The synthesis of the nanoparticles was performed by sonochemical method using acoustic cavitation  at the Laboratory of Acoustic Cavitation of the Department of Physics and Geology of the University of Perugia.  XRD was evaluated at room temperature with the diffractometer Philips X'Pert PRO MPD (Malvern Panalytical Ltd., Royston, UK) operating at 40kW/40 mA with step size of 0.017° and a step scan of 70s, using a Cu Kα radiation and X-Celerator detector.

SEM analysis was performed using a LEO 1525 Field Emission Scanning Electron Microscope, ZEISS (Jena, Germany) at the University of Perugia.

TEM analysis was performed using a Morgagni Series 268D electron microscope (FEI Company, Brno, Czech Republic) equipped with a Megaview III digital camera and Analy-SIS software (Olympus Soft Imaging Solutions) at the University of Chieti-Pescara.

Usage Notes

The readme file contains a clear explanation of the chemical-structural characterization of the synthesized TiO2 NPs.
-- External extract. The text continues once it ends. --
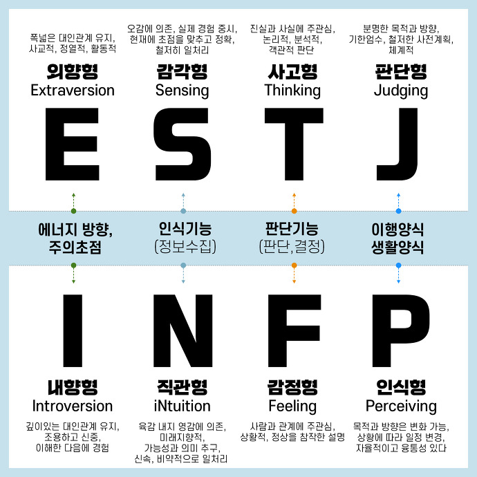 MBTI 성격 유형검사는 대중적으로 알려진 성격 유형검사 방식입니다.

In TEM images, red circles and asterisks indicate TiO2 NPs deposition, small red arrows indicate nuclear membrane invaginations, large red arrows indicate enlarged endoplasmic reticulum, black arrows point to chromatin marginalization. 

More information can be found in the associated manuscript referenced above.

Funding

Fondazione Cassa di Risparmio di Perugia, Award: 2019.0382.029.